How COVID-19 is Affecting Both the Local and National Economy

By Simon Albaugh

Dearborn, Mich. – The United States is made up of close to 20,000 cities, towns and villages. That’s 20,000 responses to the largest public health crisis in this century – the Coronavirus Pandemic. Every one of those places has experienced economic worries, abandoned priorities, and new responsibilities since the beginning of the Coronavirus Crisis.

In Detroit and its surrounding communities, the concern is no different from the rest of the country. Many of the major surrounding cities like Dearborn were beginning to settle into a new phase of economic expansion for their communities with plans for attracting young professionals to the community.

Hamtramck even was ready to build up its aging infrastructure, with its Public School District proposing a vote on updating its school buildings, depending on the will of the enclave’s taxpayers.

The United States Bureau of Economic Analysis reports that the Gross Domestic Product of the United States – a commonly used measure for the Economic Output of a country – dropped by more than 4%. That shrinking of the US Economy comes after nearly four year of steady growth for the US GDP.

For people who may not be economically savvy, the GDP is a country’s total monetary output during a given time period. So for the past four years, the growth of work has led to cities and towns looking to capitalize on this economic expansion.


The Local Economy Before the Crisis

In Detroit, the city saw a growth of newcomers moving in, as a result of major moves by large, high-paying companies. In 2009, the mortgage lender QuickenLoans moved their headquarters, and 1,700 staff members to leased space in Downtown Detroit.

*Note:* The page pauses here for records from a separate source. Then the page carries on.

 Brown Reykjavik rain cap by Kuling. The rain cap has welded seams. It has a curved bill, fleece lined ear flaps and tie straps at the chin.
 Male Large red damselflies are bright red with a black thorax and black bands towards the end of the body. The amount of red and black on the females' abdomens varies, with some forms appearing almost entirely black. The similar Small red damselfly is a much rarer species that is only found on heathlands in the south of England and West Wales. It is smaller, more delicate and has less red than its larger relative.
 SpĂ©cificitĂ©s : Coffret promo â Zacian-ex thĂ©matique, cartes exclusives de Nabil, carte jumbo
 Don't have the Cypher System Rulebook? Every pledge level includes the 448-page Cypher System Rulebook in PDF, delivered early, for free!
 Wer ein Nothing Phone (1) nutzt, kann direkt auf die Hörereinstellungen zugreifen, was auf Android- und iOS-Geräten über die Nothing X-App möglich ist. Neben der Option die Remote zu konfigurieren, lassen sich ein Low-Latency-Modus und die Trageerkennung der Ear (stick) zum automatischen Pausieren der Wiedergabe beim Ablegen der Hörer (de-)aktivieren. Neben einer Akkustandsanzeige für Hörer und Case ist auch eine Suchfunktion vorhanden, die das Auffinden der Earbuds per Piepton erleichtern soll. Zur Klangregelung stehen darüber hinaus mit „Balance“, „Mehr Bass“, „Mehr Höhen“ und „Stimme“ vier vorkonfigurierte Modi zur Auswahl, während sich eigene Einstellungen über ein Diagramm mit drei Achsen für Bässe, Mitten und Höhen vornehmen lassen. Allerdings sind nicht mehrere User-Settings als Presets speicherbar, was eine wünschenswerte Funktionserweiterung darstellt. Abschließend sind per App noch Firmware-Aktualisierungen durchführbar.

“This is an interim step that allows us to begin transforming Detroit into a high-tech hub of business and ingenuity,” said QuickenLoans Chairman Dan Gilbert when the move was first announced.

The effort to increase the viability of cities through technology-focused industry isn’t a new phenomenon. In the Bay Area of California, the tech industries of San Francisco famously catapulted the city to international acclaim. Although income inequality came to an intense focus, as illustrated by the area’s housing prices.

Before the Coronavirus Pandemic, Detroit and some groups in Dearborn were looking to emulate this model in order to bring the same results to their towns. Their goal, according to one appointee in Dearborn’s Economic Development Council, was to continue the economic momentum of Dearborn and revitalize corporate partnerships in the city.

In the Downtown Strip of West Dearborn, upscale shops and fast-casual dining options have turned this area of the city into a hub for the area.


Jim Parrelly was appointed by Dearborn Mayor John B. O’Reilly to be the Chairman of the Advisory Council. According to Parrelly, the future of Dearborn’s economic efforts were dependent on how well the city of Dearborn would be able to attract young professionals.

“One of the things that I wanted to bring to the city is this idea of having a tech accelerator here,” Parrelly said. “That is, the home base of young tech startups and young tech entrepreneurs that want to have investment come into their community and come into their companies.”

However, these plans were all made when the United States GDP was steadily growing at 2% each business quarter. Now that the US Economy has been steadily declining throughout the last two months, plans needed to change.


How COVID-19 has prevented economic expansion.

It’s no surprise that a lot of industries have seen their profits fall. According to an analysis published by MarketWatch, the industries that are affected most by the COVID-19 Crisis are: Tourism, Sports, Entertainment, Retail and Restaurants, and Finance.

Those industries depend on a constant stream of economic activity. Instead of purchasing the old comforts, people have mostly been buying essentials like groceries and cleaning products. Expensive purchases, like homes and cars, have also been limited by a new wave of job insecurity.

Jim Parrelly was appointed by Mayor John B. O’Reilly to head the Economic Advisory Council in 2018. Parrelly comes from an investment background.


Parrelly says this has a heavy effect on investment dollars that would normally go to economic expansion.

“When you have these kind of historical types of events, whether it be a stock market crash of 2008, or 9/11 or in this case, the pandemic of 2020, what typically happens is investment dollars – money that comes from large investment funds and corporations – have a tendency to stop,” Parrelly said. “Because everybody wants to wait and see what’s going to happen and how things are going to pan out.”

Not only will this investment money be hard-fought for its return, the COVID-19 Pandemic has shown that many industries that used to be safely situated within the economy may not play as large of a role.

The industries benefiting from the Pandemic are: online buying, pharmaceutical companies, delivery, video conferencing, and online entertainment. So while the economy is rapidly changing, some winners are already becoming apparent within the US Economy.